# New to planted betta tank



## tlaine (Aug 18, 2017)

Howdy!

I'm new to having a betta and planted tank. 

I just wanted to thank y'all for being here and all the great advice y'all have on these forums. They have helped me a lot when trying to figure out how to properly set my tank up. It's a 5 gallon Marineland Portrait.

I've attached photos of the tank and one of Samurai "Sammy" my betta. Sorry about any glare on the tank glass, it sits on my desk at work.


----------



## RussellTheShihTzu (Mar 19, 2013)

Wow! What a beauty and what a great tank set-up!

If the plant back left is an Anubias make sure you don't plant the rhizome. Keep us posted and......

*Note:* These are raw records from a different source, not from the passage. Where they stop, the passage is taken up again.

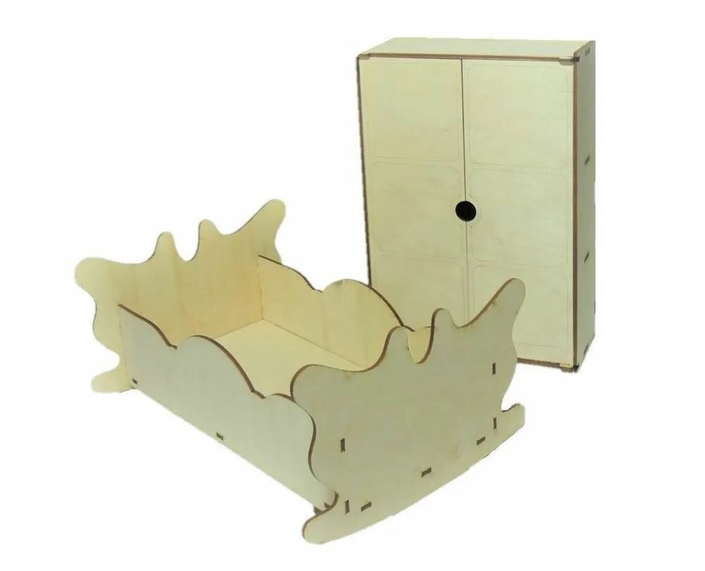 10 цен на Деревянная детская мебель для кукольного домика "Кроватка со шкафом " для кукол 15-20 см
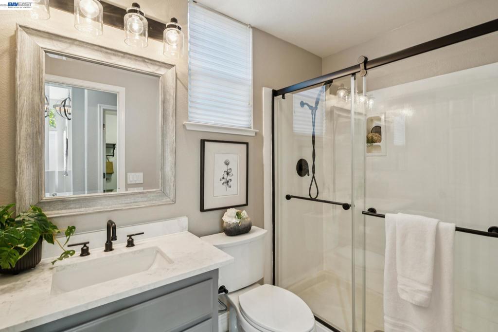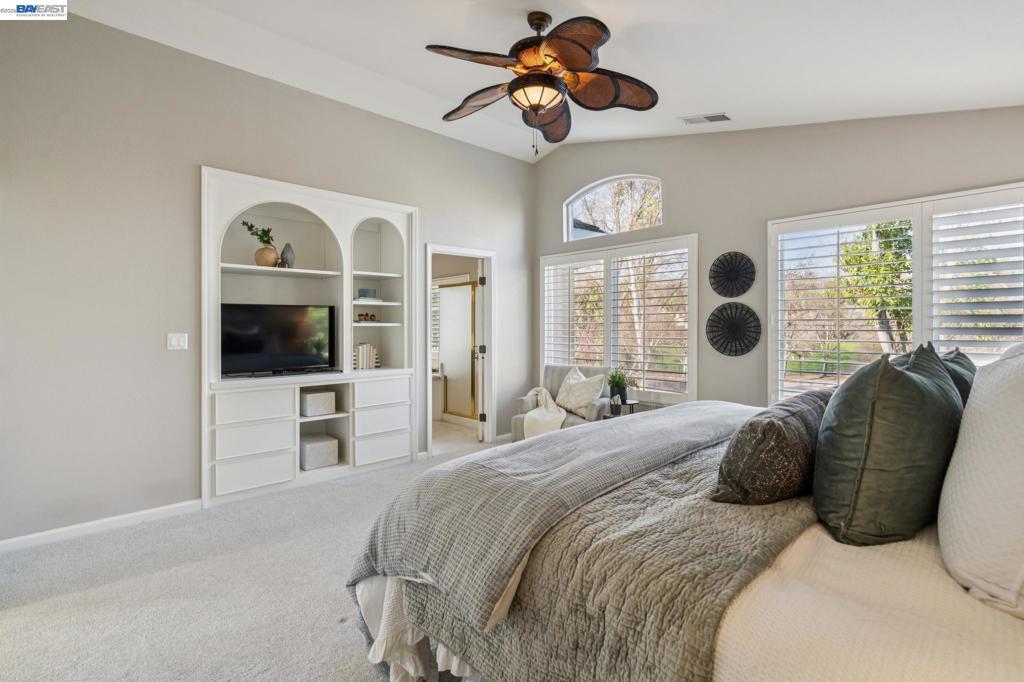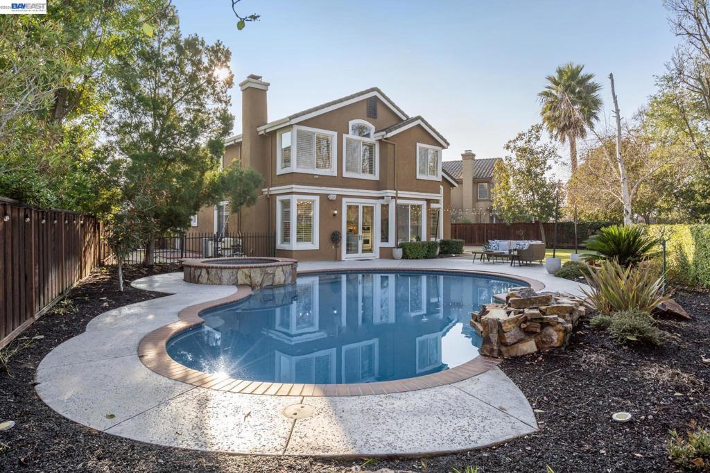 Spectacular 5 bedroom, 3 bathroom home in the highly sought-after Tassajara Ridge community. Step inside to rich hardwood flooring, designer paint, and classic plantation shutters that create a warm and inviting first impression. The thoughtful floor plan features a full bedroom and bathroom with a stall shower on the main level, ideal for guests, extended family, or a private office. Continue into the light-filled, updated kitchen showcasing quartz countertops, stainless steel appliances, and ample prep and storage space, all opening to comfortable living areas designed for both everyday living and entertaining. Upstairs, cozy carpet and spacious bedrooms provide peaceful retreats for everyone. Step outside to a resort-style backyard built for gatherings, complete with a sparkling pool and spa, low-maintenance lawn area, and a generous patio accented with charming bistro lights for relaxing evenings. A three-car garage offers abundant parking and storage. Located near top-rated SRVUSD schools, parks, shopping, dining, and commuter routes, this Tassajara Ridge home blends comfort, style, and convenience.
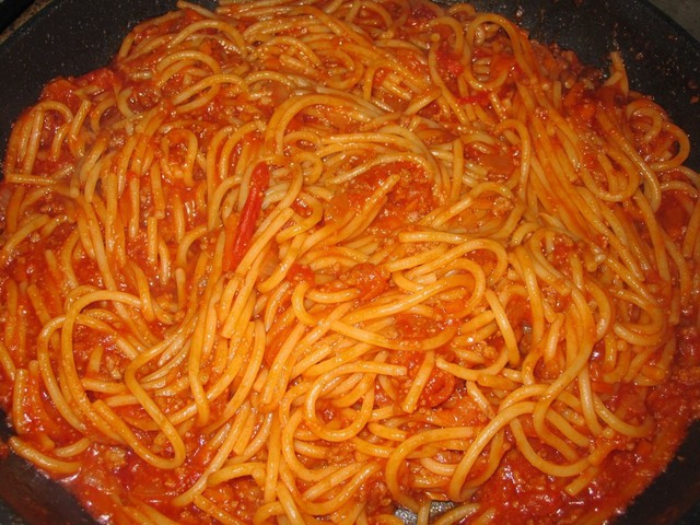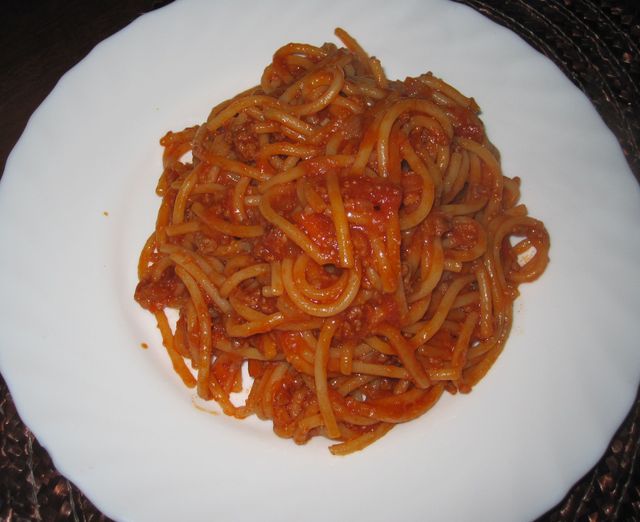 太麺でミートソース (2011/09/04)
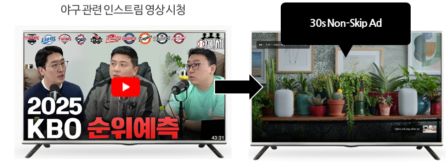 - 더 큰 TV 화면에서, 더 오랫동안 광고를 시청하는 야구 관심 유저 공략
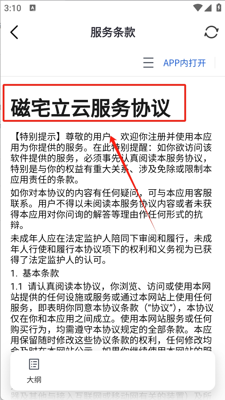 3、接着,阅读并同意《磁宅立云服务协议》以继续使用服务。
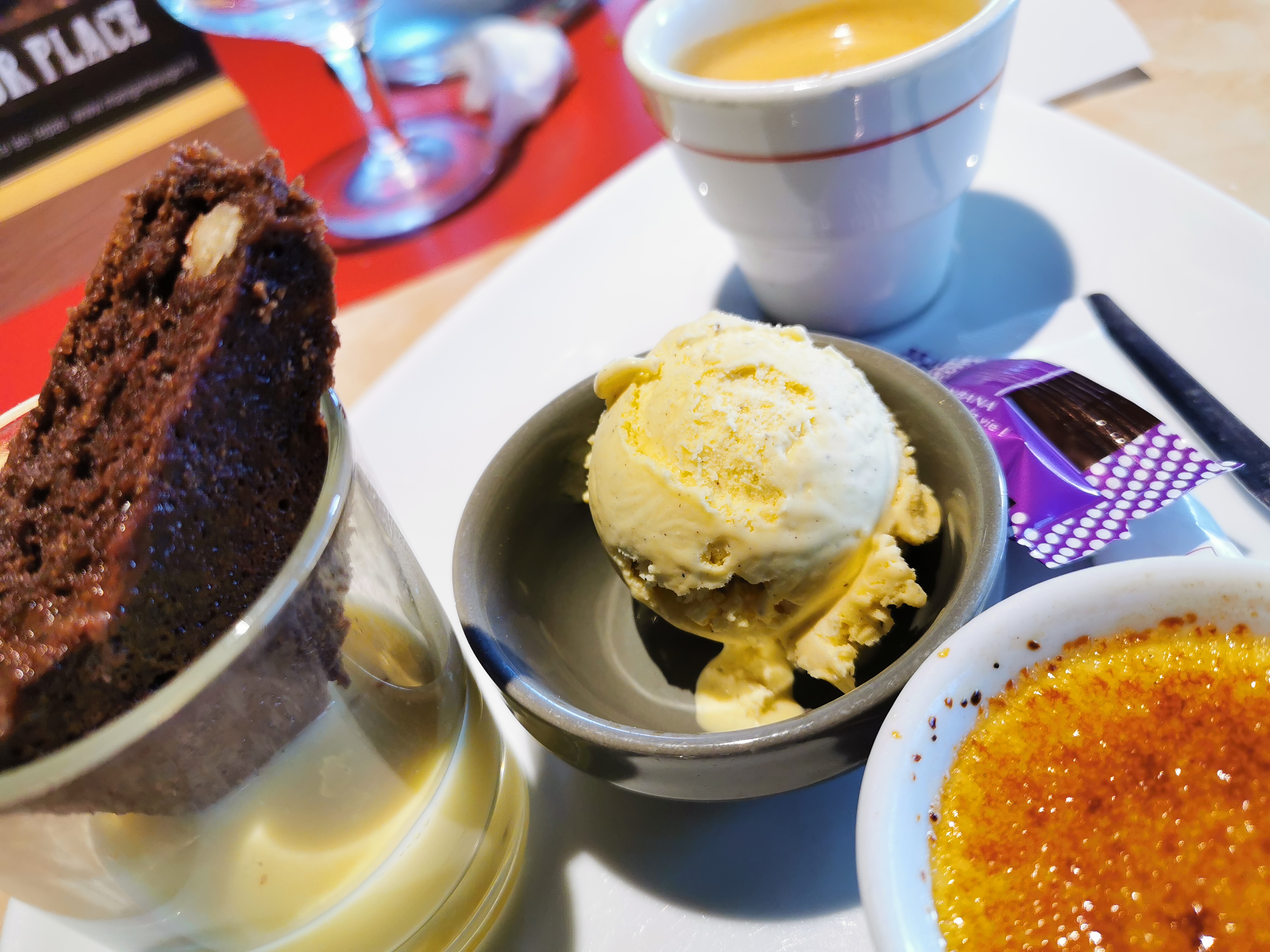 Les plats et desserts ont été parfait mais nous avons du nous déplacer 2 fois pour avoir de l'eau et le dessert. Les employés étaient dans l'autre salle pour discuter tandis que cela faisait 20min que nous attendions notre dessert. Quand notre dessert est arrivé nous n'étions pas encore débarrassé

Welcome to the Forum! :wave:


----------



## tlaine (Aug 18, 2017)

RussellTheShihTzu said:


> If the plant back left is an Anubias make sure you don't plant the rhizome.



I had wondered about that. One website said it could be planted, others say not. If I pull it out of the sand and put a small pile of the white rocks over it to just hold it down, would that be ok? Or should I just glue it to a bigger stone?

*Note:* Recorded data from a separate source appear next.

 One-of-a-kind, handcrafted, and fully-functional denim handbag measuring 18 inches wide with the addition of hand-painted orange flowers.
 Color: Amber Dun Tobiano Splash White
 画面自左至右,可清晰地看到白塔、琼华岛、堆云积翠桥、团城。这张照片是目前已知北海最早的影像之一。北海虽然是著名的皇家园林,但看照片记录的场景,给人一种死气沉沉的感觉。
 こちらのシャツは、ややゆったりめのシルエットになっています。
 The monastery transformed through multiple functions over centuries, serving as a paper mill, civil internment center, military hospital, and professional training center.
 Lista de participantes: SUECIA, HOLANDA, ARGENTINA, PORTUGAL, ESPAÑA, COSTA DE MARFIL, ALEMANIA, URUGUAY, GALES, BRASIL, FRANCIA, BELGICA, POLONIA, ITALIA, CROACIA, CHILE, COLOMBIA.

It's been in there over a week and seems to be doing ok, but I definitely do not want to kill it.

And thanks :-D


----------



## RussellTheShihTzu (Mar 19, 2013)

If it has roots you can plant those or weight them down with stones; it's the rhizome that can't be buried. I use plant weights to hold Anubias down and it eventually roots. Or, you can tie with cotton thread or fishing line as long as you don't tie too tightly and bruise the rhizome. I've done that, too.


----------



## tlaine (Aug 18, 2017)

I've had the tank for three weeks now, so far so good, two out of my five plants died (those two looked sad when I got them). 

The others are doing ok: the Anubias congenisis still looks great (haven't pulled it out of the substrate yet); the water wisteria is looking wimpy but still alive and hasn't changed in looks for the past couple of weeks, but my Staurogyne replens was looking the same but now is starting to look kind of iffy. 

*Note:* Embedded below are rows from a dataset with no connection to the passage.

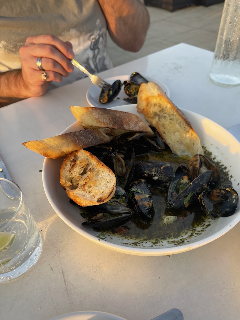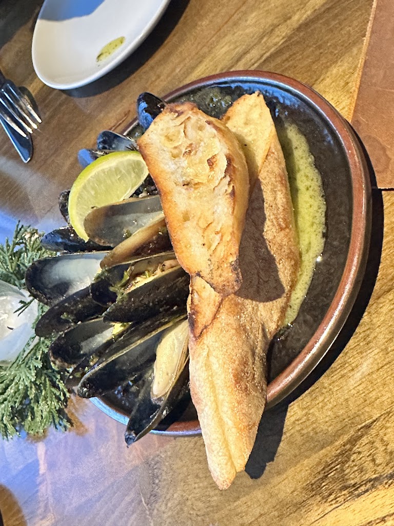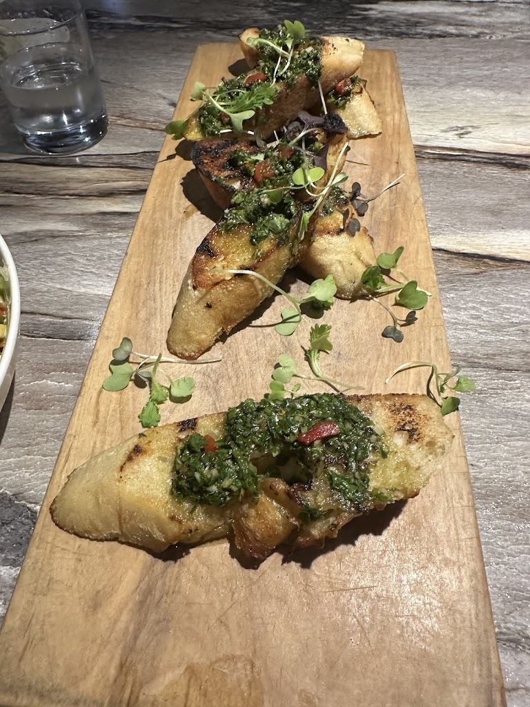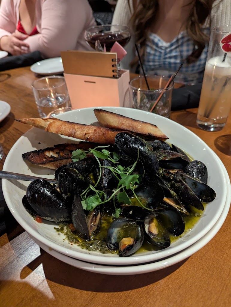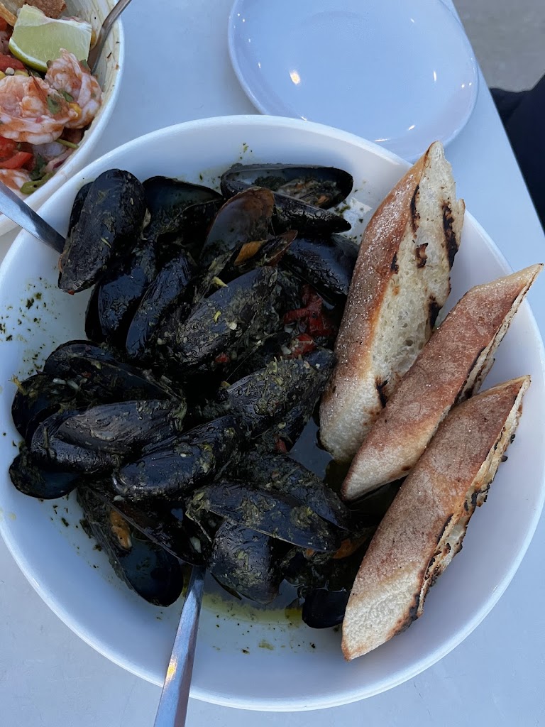 We ordered the bread with chimichurri, mussels, shrimp ceviche appetizers, ahi tuna entree and the chocolate mousse for dessert
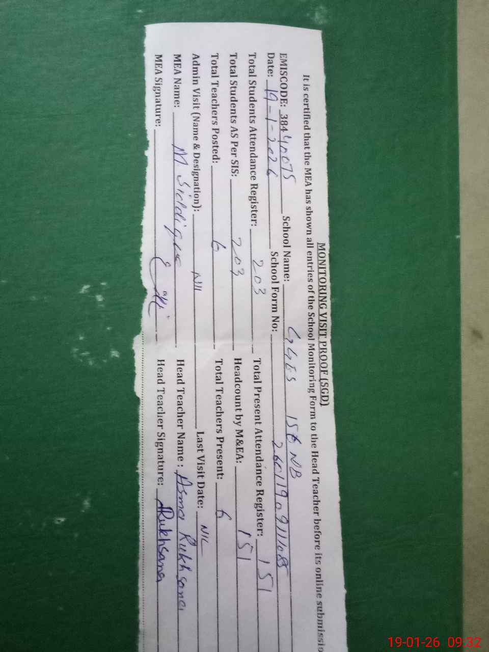 | Certified that this School was Inspected by the Undersigned MEA/DMO Today and the Information Stated Above is as Per Record. | |||||
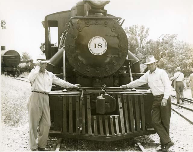 A black and white photo of Sierra Railroad Engine #18 at the Jamestown yard. Possibly the 1950's. The engine is shown from the front, and there are two men standing on each side of it at the front. There are two people walking down the track on the right of the engine. The engines boiler plate has the words "Baldwin Locomotive Works - Philadelphia, U.S.A. The detail is good.Collection
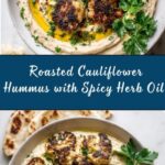 To bring it all together, spread store-bought hummus generously onto a platter or shallow bowl. Layer the crispy roasted cauliflower on top, then drizzle the vibrant herb-infused garlic oil over everything. The richness of the hummus paired with the spicy, herbaceous cauliflower will excite your taste buds with every bite. Serve it up with warm naan or crunchy pita chips for the perfect textural contrast and an irresistible dipping experience.
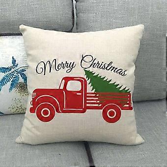 Christmas Pillow Cover Vintage Red Truck Linen Home Decorative Tree Cushion Case
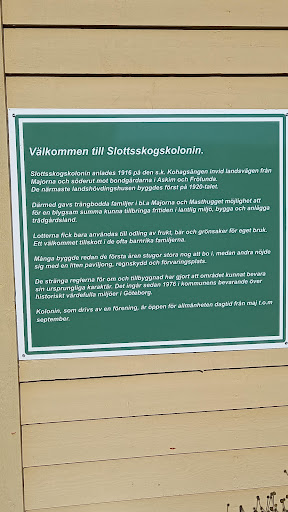 Read moreÄr född alldeles intill Slotts skogs kolonien , och innan Den blev till, hade min Morfar en liten stuga på Söderling Ängen framför Nuvarande S.- kolonien .,. Mysig kultur bevarad i Majorna. Kallades ibland av Maj bor , Kungsladugård kolonien i och med sin närhet till Distriktet....Roligt Att intresset lever vidare hos folk i denna grönskande och lummiga Koloni , där inget hus är det Andra...
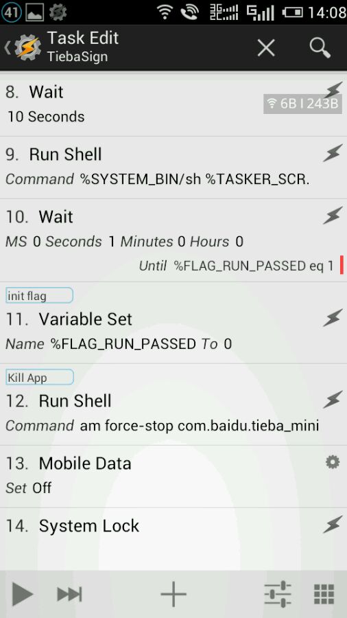 3. tasker 好像不会等到脚本执行完才继续下一条,我也说不准。一开始只有一句sh my.sh 的时候还没签完就杀了贴吧然后关屏了,或者是tasker 里看到操作都进行完毕,但模拟触摸的脚本依然在执行。后来改成sh my.sh;echo 1后,用wait until 检测就完全没问题了。

Today I put some root tabs in the substrate, one on each side of the tank in the middle. I usually dose with Flourish once a week. Should I start dosing with Excel to help the plants along more or do you think that would be overkill?

Sammy is happy as a clam, loves chasing bubbles and leaves that happen to float to the top of the tank or peeping at me from inside his cave, or begging for food. <3


----------



## RussellTheShihTzu (Mar 19, 2013)

Did you plant the Wisteria? I let my stem plants float until they develop roots. It won't hurt to use the Excel; I've never noticed that it helped but that doesn't necessarily mean anything as I'm often hit or miss on dosing. Many times plants "melt" and then rebound. This is especially true of Cryptocoryne species which I can highly recommend as beginner plants.

Substrate ferts should help the replens.

Did you order your plants online or do you have a local source?

BTW, I just bought my first Crowntail...actually, two. Ridgley and Kudzu.


----------



## tlaine (Aug 18, 2017)

The two plants that died out (turned totally black) I purchased from a seller on Amazon. The other three, the ones that are still living, I purchased from PetSmart. I already notice a big difference after one day of inserting the root tabs near the plants. They look much better and are standing up straighter. 

Yes, I planted the Wisteria, one of the three stems I got didn't make it, but the other two are looking ok (not great, but just ok). They look like little palm trees in the back of the tank. LOL

Crowntails are so beautiful, congrats on picking some up!

I included a photo of my tank again, with Sammy peeking out from the top cave, I just love his little red stripe on the top of his head. Sorry for the glare on the glass, I work in a library and there are many, many lights.


----------



## Lekoguy (Dec 1, 2016)

Your tank looks great!

The plants seem to be doing well and I love the "palm trees." Once the wisteria has fully settled in, it will take off like crazy and you will become skilled with a mini-machete.

Aah, the Joys of Fertilizers


----------